"""

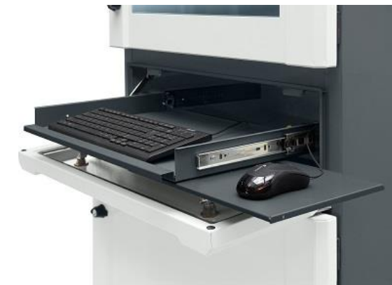
Wysunięta szuflada pod klawiaturę i mysz
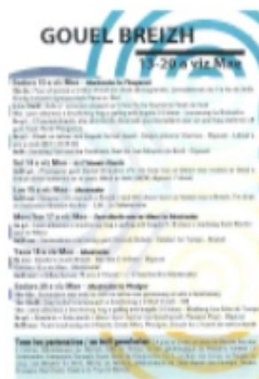
Le programme en breton

En association avec KLT, nous aurons droit à la traduction des noms bretons des rues et quartiers traversés et quelques éléments du vélo en breton.
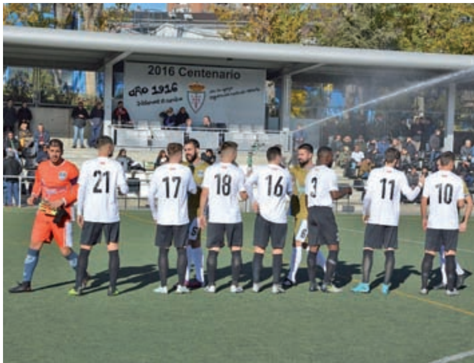
El 'Cara' no pudo pasar del empate con el San Agustín del Guadalix CARLOS ADÁN / REAL CARABANCHEL

Igualdad: En la primera vuelta, el Carabanchel y el Pozuelo firmaron las tablas en La Mina
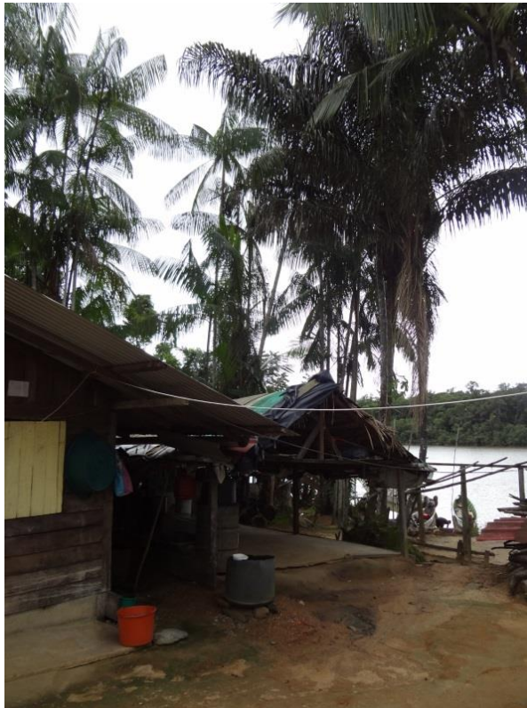
Village Bushinengué sur Ile Portal
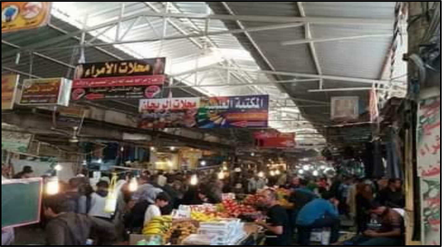
الشكل رقم (٥)
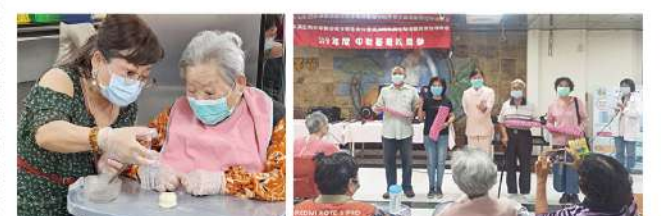
▲ 家屬與長輩動手做月餅

今年的疫情給全球帶來很大的影響，但是只要家人能夠健康平安的團聚在一起，就是再簡單美好不過的事了。活動最後在大家最喜歡的卡拉 OK 中圓滿結束，家屬陪伴著住民長輩，牽牽手，唱唱歌，吃著小點心，歡樂的氛圍也許很平凡，卻是中秋月圓人團圓，最佳的寫照。
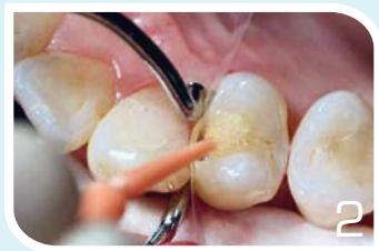
Application d'un adhésif (Iperbond)
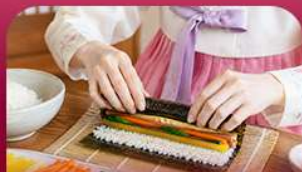
เรียงทำคิมบับ

สัมผัสเสน่ห์ฤดูหนาวของเกาหลีแบบอบอุ่นหัวใจพิเศษ! พักสกีรีสอร์ท 1 คืน ท่ามกลางบรรยากาศหิมะขาวโพลน สนุกกับกิจกรรมฤดูหนาวยอดนิยม ทั้งสกี สโนว์บอร์ดและสโนว์สเลด ก่อนออกเดินทางสู่เกาะนามิ ดินแดนแห่งความโรแมนติก ชมสตรอว์เบอร์รี่หวานฉ่ำ สด ๆ จากฟาร์ม พร้อมเรียนทำคิมบับเมนูยอดฮิตสไตล์เกาหลี ปิดท้ายด้วยการช้อปปิ้งสุดฟินที่เมืองคยองและซองซู ย่านอิคทีสายคาเฟ่และสายแฟชั่นห้ามพลาด
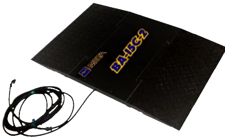
Рисунок 1 - Внешний вид весов ВА-15С-2

Для переноски весов предусмотрены две съемные рукоятки (одна из которых имеет колеса для перевозки), которые крепятся к платформе поочередно с помощью быстросъемных болтов.
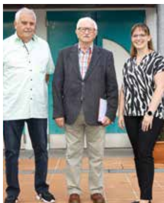
> Die geehrten Kollegen (Ehrenzeichen sowie Ehrenzeichen am Bande) sowie die Vorsitzende der Standortgruppe

Im Rahmen der diesjährigen Hauptversammlung standen jedoch vor allem die turnusmäßigen Neuwahlen des Vorstandes, Ehrungen, Abstimmung über Anträge an die kommende Bereichsversammlung sowie die Entsendung der Delegierten für die Bereichsversammlung 2024 im Mittelpunkt.
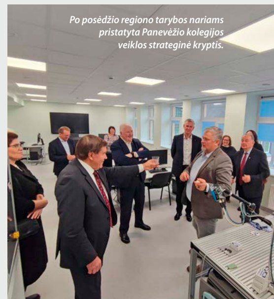
Po posėdžio regiono tarybos nariams pristatyta Panevėžio kolegijos veiklos strateginė kryptis.

Atliekų tvarkymo paslaugų srityje numatoma įgyvendinti kelis reikšmingus projektus, kuriuos vykdys Regioninis atliekų tvarkymo centras, bendradarbiaudamas su visomis Panevėžio regiono savivaldybėmis. Planuojama įrengti ir plėsti didžiagabaričių atliekų aikšteles, sukurti punktus perdirbimui tinkamų atliekų surinkimui bei įrengti konteinerių aikšteles arba išdalinti konteinerius gyventojams. Taip pat bus vykdoma plati komunikacinė kampanija, siekiant skatinti tinkamą atliekų tvarkymą ir rūšiavimą.

"""

> [EXERCISE]: Output every record verbatim, skipping images.

> [RESPONSE AREA]:
Wysunięta szuflada pod klawiaturę i mysz
Le programme en breton

En association avec KLT, nous aurons droit à la traduction des noms bretons des rues et quartiers traversés et quelques éléments du vélo en breton.
El 'Cara' no pudo pasar del empate con el San Agustín del Guadalix CARLOS ADÁN / REAL CARABANCHEL

Igualdad: En la primera vuelta, el Carabanchel y el Pozuelo firmaron las tablas en La Mina
Village Bushinengué sur Ile Portal
الشكل رقم (٥)
▲ 家屬與長輩動手做月餅

今年的疫情給全球帶來很大的影響，但是只要家人能夠健康平安的團聚在一起，就是再簡單美好不過的事了。活動最後在大家最喜歡的卡拉 OK 中圓滿結束，家屬陪伴著住民長輩，牽牽手，唱唱歌，吃著小點心，歡樂的氛圍也許很平凡，卻是中秋月圓人團圓，最佳的寫照。
Application d'un adhésif (Iperbond)
เรียงทำคิมบับ

สัมผัสเสน่ห์ฤดูหนาวของเกาหลีแบบอบอุ่นหัวใจพิเศษ! พักสกีรีสอร์ท 1 คืน ท่ามกลางบรรยากาศหิมะขาวโพลน สนุกกับกิจกรรมฤดูหนาวยอดนิยม ทั้งสกี สโนว์บอร์ดและสโนว์สเลด ก่อนออกเดินทางสู่เกาะนามิ ดินแดนแห่งความโรแมนติก ชมสตรอว์เบอร์รี่หวานฉ่ำ สด ๆ จากฟาร์ม พร้อมเรียนทำคิมบับเมนูยอดฮิตสไตล์เกาหลี ปิดท้ายด้วยการช้อปปิ้งสุดฟินที่เมืองคยองและซองซู ย่านอิคทีสายคาเฟ่และสายแฟชั่นห้ามพลาด
Рисунок 1 - Внешний вид весов ВА-15С-2

Для переноски весов предусмотрены две съемные рукоятки (одна из которых имеет колеса для перевозки), которые крепятся к платформе поочередно с помощью быстросъемных болтов.
> Die geehrten Kollegen (Ehrenzeichen sowie Ehrenzeichen am Bande) sowie die Vorsitzende der Standortgruppe

Im Rahmen der diesjährigen Hauptversammlung standen jedoch vor allem die turnusmäßigen Neuwahlen des Vorstandes, Ehrungen, Abstimmung über Anträge an die kommende Bereichsversammlung sowie die Entsendung der Delegierten für die Bereichsversammlung 2024 im Mittelpunkt.
Po posėdžio regiono tarybos nariams pristatyta Panevėžio kolegijos veiklos strateginė kryptis.

Atliekų tvarkymo paslaugų srityje numatoma įgyvendinti kelis reikšmingus projektus, kuriuos vykdys Regioninis atliekų tvarkymo centras, bendradarbiaudamas su visomis Panevėžio regiono savivaldybėmis. Planuojama įrengti ir plėsti didžiagabaričių atliekų aikšteles, sukurti punktus perdirbimui tinkamų atliekų surinkimui bei įrengti konteinerių aikšteles arba išdalinti konteinerius gyventojams. Taip pat bus vykdoma plati komunikacinė kampanija, siekiant skatinti tinkamą atliekų tvarkymą ir rūšiavimą.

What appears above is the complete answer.